今週: GitWorkshopはgit-over-Nostrを、ブラウザ内PRマージボタン、Starsとリポジトリフォロー、帯域効率の良いgitエクスプローラ、kind 1111のインラインレビューコメント、暗号化されたマルチデバイス通知状態を備えた、より充実したコードレビューの場へと発展させました。RoutstrdはNostrのkind 38421アナウンスを介してモデルプロバイダを発見し、Cashuで支払いを行うローカルデーモンをローンチしました。タグ付けされたリリースにはngit v2.4.2Wisp v1.0.0grain v0.5.2およびv0.5.3Mostro Core v0.10.0とMostro Mobile v1.2.5marmot-ts v0.5.0CruxCoach v0.1.3Meiso v1.3.0、NoorNote、Nostria、Nostr Calendar、nos2x-fox、applesauce、nostr-double-ratchetなどが含まれます。

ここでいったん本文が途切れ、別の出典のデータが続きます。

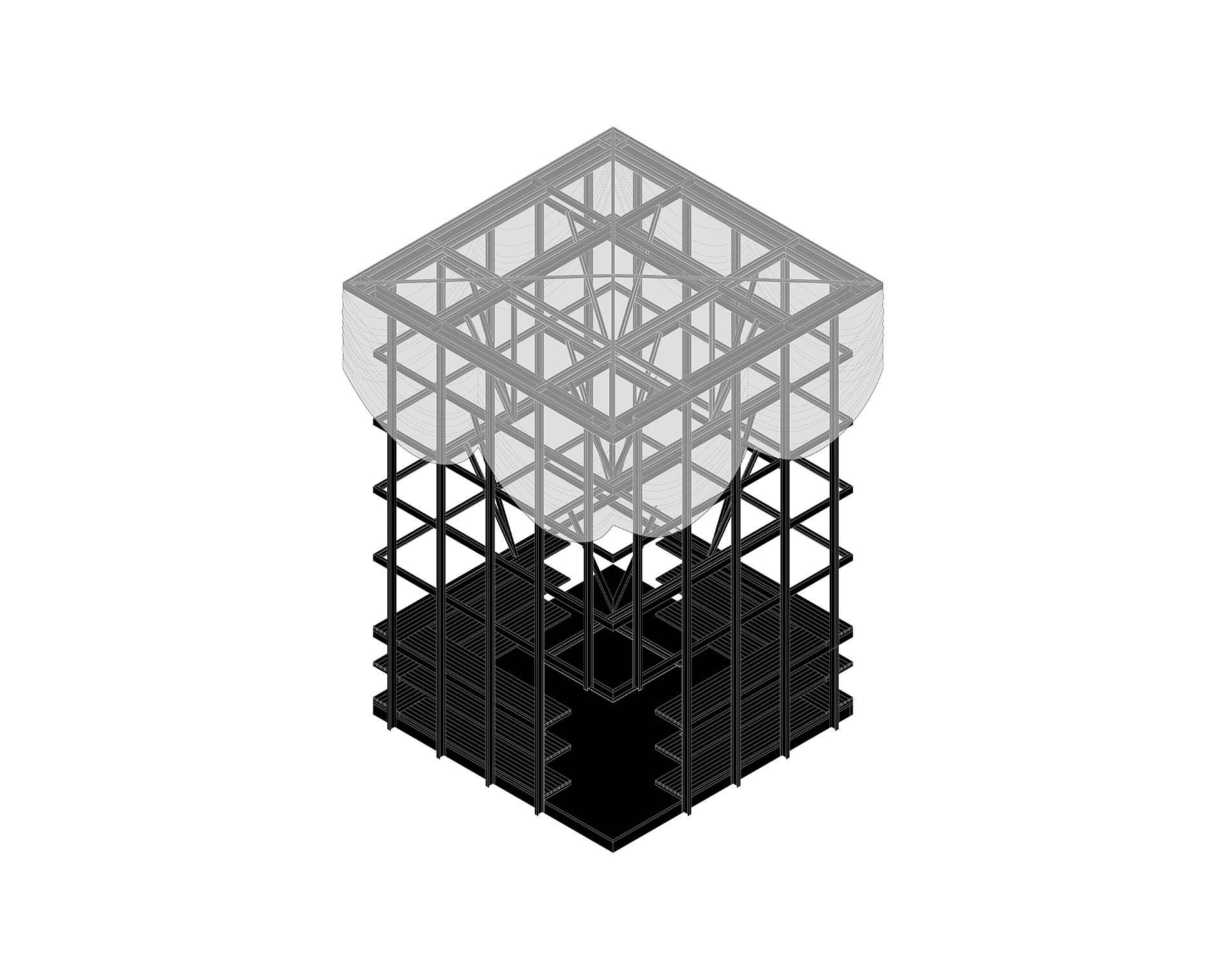 Las tres torres, alineadas a lo largo del eje central, se asocian a cada uno de los tres ejes curatoriales de la Bienal: (re)programar, (re)adaptar y (re)construir. Construidos también con perfiles de volcometal, se complementan con una cubierta plástica translúcida y una tela que cae a modo de telón, la cual puede subir y bajar y se mueve suavemente con el viento, introduciendo una dimensión viva y cambiante dentro del espacio.

未リリースの変更はAmethyst NestsnostreamのNIP-65およびNWCFIPSのNostrベースudp:natブートストラップstrfryの可観測性Sproutオーナ証明Zap Cookingレシピパックを扱います。新規追跡プロジェクトにはNostrordClaveTreasuressmeshSurveilFundstr、Nod City、deploy-nsite-to-pages、null–nostrが含まれます。月末の振り返りは2021年から2026年までのNostrの4月を扱います。

トップストーリー

GitWorkshopがブラウザ内PRマージ、リポジトリフォロー、帯域効率の良いgitエクスプローラを出荷

Dan ConwayによるNIP-34 git-over-Nostr向けのウェブベース共同作業レイヤーであるGitWorkshopは、今週メジャーリリースを出荷しました。これにより、コメント、リポジトリリスト、通知を署名済みNostrイベント内に保ちながら、開発者がGitHubやGitLabに期待するワークフローに大きく近づきました。

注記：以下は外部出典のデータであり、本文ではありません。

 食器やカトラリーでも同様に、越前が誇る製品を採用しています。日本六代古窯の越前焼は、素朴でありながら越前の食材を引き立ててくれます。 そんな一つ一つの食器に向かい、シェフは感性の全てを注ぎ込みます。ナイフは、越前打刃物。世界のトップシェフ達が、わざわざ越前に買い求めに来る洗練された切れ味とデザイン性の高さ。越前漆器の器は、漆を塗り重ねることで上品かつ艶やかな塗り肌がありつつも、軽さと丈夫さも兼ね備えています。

目玉の追加は、GRASPリレーを使用するリポジトリ向けの長らく待ち望まれていたブラウザ内PRマージボタンです。このリリースでは、リアクションとNIP-51リストの上に構築されたStarsおよびリポジトリフォロー機能も追加され、ピン留めされたリポジトリセットは順序付きaタグを介してkind 30617のリポジトリアナウンスを指すkind 10617イベントとして発行されます。プロフィールページには、ポータブルなリポジトリリストを表示できるようになりました。

帯域効率の良いgitエクスプローラが、これまでのブラウザ内の浅いクローンに取って代わりました。新しいエクスプローラはGRASPが構築されている基盤のgitクライアント/サーバプロトコルに依存しているため、ブラウザに完全なパックの取得を強制することなく大規模なリポジトリを扱えます。検索はユーザー名とリポジトリメタデータを対象とし、NIP-50と、ネットワーク全体でリポジトリアナウンスを発見・同期するngit-indexerリレー実装によって動作します。ブラウザ内のリポジトリ作成ワークフローが、発見とオンボーディングの経路を完成させます。

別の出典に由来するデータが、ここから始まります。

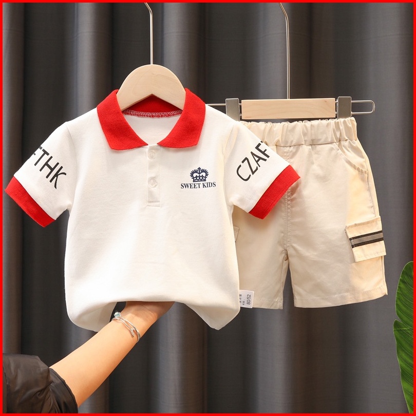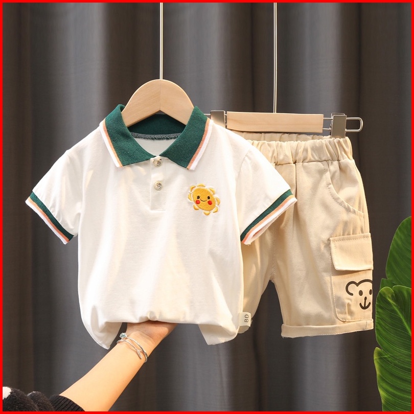 Set Baju Polo Anak Laki Laki Pakaian Katun Korea Bayi Kemeja Polo Fashion Anak Laki Laki Kecil Celana Pendek Tampan Anak

レビューツールは、Files Changedタブ、パッチごとの差分ビューア、および一連の実験的な新しいプリミティブを中心に再構築されています。インラインコードレビューコメントはkind 1111を使用し、NIP-22の上に構築されています。各コメントはファイルパス(fタグ)、コミットSHA(cタグ)、選択された行範囲(lineタグ)を指すため、クライアントは差分内の正しい位置にコメントを表示できます。実験的プリミティブの第二階層は、作成者およびリポジトリメンテナによる権限付けが行われ、NIP-32ラベルを使用します。IssueまたはPRの件名を提出後にリネーム、提出後にハッシュタグを追加、編集可能な要約のためにバージョン管理されたCoverNoteをPRまたはIssueの先頭にピン留め、インラインコード議論のサブスレッドを解決済みとしてマークすることができます。判定イベントとsuggestionブロックは草案のままで、まだ出荷されていません。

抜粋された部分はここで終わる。